Thinking about pensions for employees in their 20s

Pensions for employees in their early 20s can not only be overwhelming, but are also unappealing to most. They know they should be doing more to prepare for retirement, but it is not necessarily the biggest priority at the time-being. 

There’s a reason most young adults are auto-enroled in a workplace pension scheme. The government knows that setting up contributions automatically will prevent young workers from acting too late. However, the difficult news is just because one is now saving automatically for retirement, it doesn’t necessarily mean they are saving enough.

Here’s the good news: the odds are in their favour

The best part about your younger employees is that they have time. Time is a powerful investment friend that enables you to get a jumpstart on amassing wealth in this decade, and then preserving that wealth as you get older. Given younger workers have a while before they can access that money (the current age to start withdrawing pension starts from 55), they can afford to take risks with their investment because they’ll have more time to recover from losses. We talk on and on here at Mintago about the power of compounding, but it’s only because it really works. 

If as an employer you are giving access to a pension that you are contributing and matching to as well, then unless it will directly affect their living potential or their priority is on dealing with unmanageable debt, opting out or only adding the bare minimum to the pot would be like turning down an offer for a pay rise.

Help them have a rough idea about retirement

Imagine on their 50th birthday, they take a peek at their pension pot and realise there might not be enough in there to tide them over retirement. Before they spiral into a mid-life crisis, there are ways you can help that shortfall. At that point, they’ll either have to save harder or save longer, or most likely, both. 

Delaying their pension by 5 or 10 years can mean having to double their contributions or postpone their retirement age to make up for the time deficit and getting the same pension income.

There are two main ways you can help employees look at the target goal for retirement.

The first would be to help them track backwards – what size pot do they want to see at the end of their working life? How much income might they need to sustain their preferred lifestyle?  The second would be looking at it based on what percentage of their current salary they’re willing to put away. Crucially this figure also takes into account them receiving the state pension, to gain access to which one needs to make 35 years worth of National Insurance Contributions.

At this stage, it’s really just important to support your younger workers in getting a rough plan together, rather than no plan at all.

Salary Curve, Inflation, and other factors

Another great thing about employees in their twenties is that, simply put, their income will most-likely increase through their career progression. When young, committing £400 to a pension fund might seem like a significant portion of salary. However, it’s likely that the same £400 won’t be such a big deal a few years down the road. 

This salary curve is important in keeping regular contributions aligned with the pace of inflation. Though pensions usually grow faster than inflation, its value can still be eroded over time and can impact what one chooses to do with their retirement savings. For example, if a pension grew in value by 4% but the rate of inflation that year was 2%, they’re actually earning interest on 2% more. While the prospect of entrusting ones pension pot to the stock market may seem intimidating, one’s given a helping hand in that money is usually deposited in what is known as a default fund, with professional trustees in charge of running pension funds. Starting early also means they have time to add complementary funds to that default option, diversifying, and see how they perform. 

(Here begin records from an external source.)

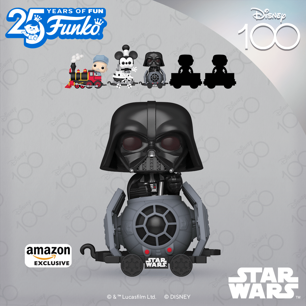 All aboard! Bring a piece of Disney magic home with the galaxy’s most stellar villain. Embrace the Dark Side™ in your home with Pop! Darth Vader™ on Tie Fighter. Celebrate Disney’s 100th Anniversary with this exclusive Pop! Darth Vader™ on Tie Fighter as he rides along in a reimagined train car version of his iconic fighter ship. Collect Pop! Darth Vader™ on Tie Fighter for your Disney train and complete your Pop! Trains collection. Vinyl figure is approximately 5.6-inches tall.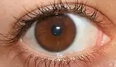 Almost all mammals have brown or darkly-pigmented irises.[24] In humans, brown is by far the most common eye color, with approximately 79% of people in the world having it.[25] Brown eyes result from a relatively high concentration of melanin in the stroma of the iris, which causes light of both shorter and longer wavelengths to be absorbed.[26]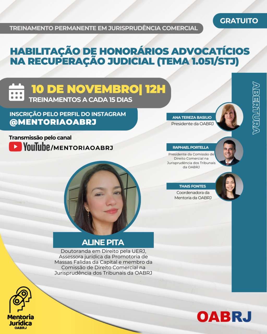 Também estarão no encontro virtual e gratuito, a Coordenadora da Mentoria da OAB-RJ, Thais Fontes, o presidente da comissão de Direito Comercial na Jurisprudência dos Tribunais, Raphael Portella, e a doutoranda em Direito pela UERJ, Aline Pita.

State Pensions, that is the standard payment from the government based on the amount of qualifying years of National Insurance payments, is a source of inflation-proof retirement income. 

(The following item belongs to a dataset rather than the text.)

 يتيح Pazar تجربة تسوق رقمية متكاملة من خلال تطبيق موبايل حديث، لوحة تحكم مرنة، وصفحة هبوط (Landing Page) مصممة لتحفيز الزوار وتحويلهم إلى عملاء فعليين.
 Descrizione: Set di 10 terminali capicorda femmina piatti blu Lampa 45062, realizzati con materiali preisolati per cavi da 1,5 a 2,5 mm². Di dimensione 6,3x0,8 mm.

Support your younger workers

94% of millennials aren’t saving enough for their pensions. The good news is that there are plenty of ways employers can help their younger workers take care of their financial future. One is by starting to communicate with them about the risks of not saving enough towards their pension and starting an open conversation. However, an open-door policy might not be enough and it is vital employers start providing employees with the tools and education they need to learn more about pensions. Education is knowledge and it will empower your staff to take control of their financial health. Mintago helps your employees plan and save more efficiently, through the pension dashboard, which enables your employees to find lost pension pots, design their dream retirement and update their contributions. We believe everyone can and should achieve financial freedom.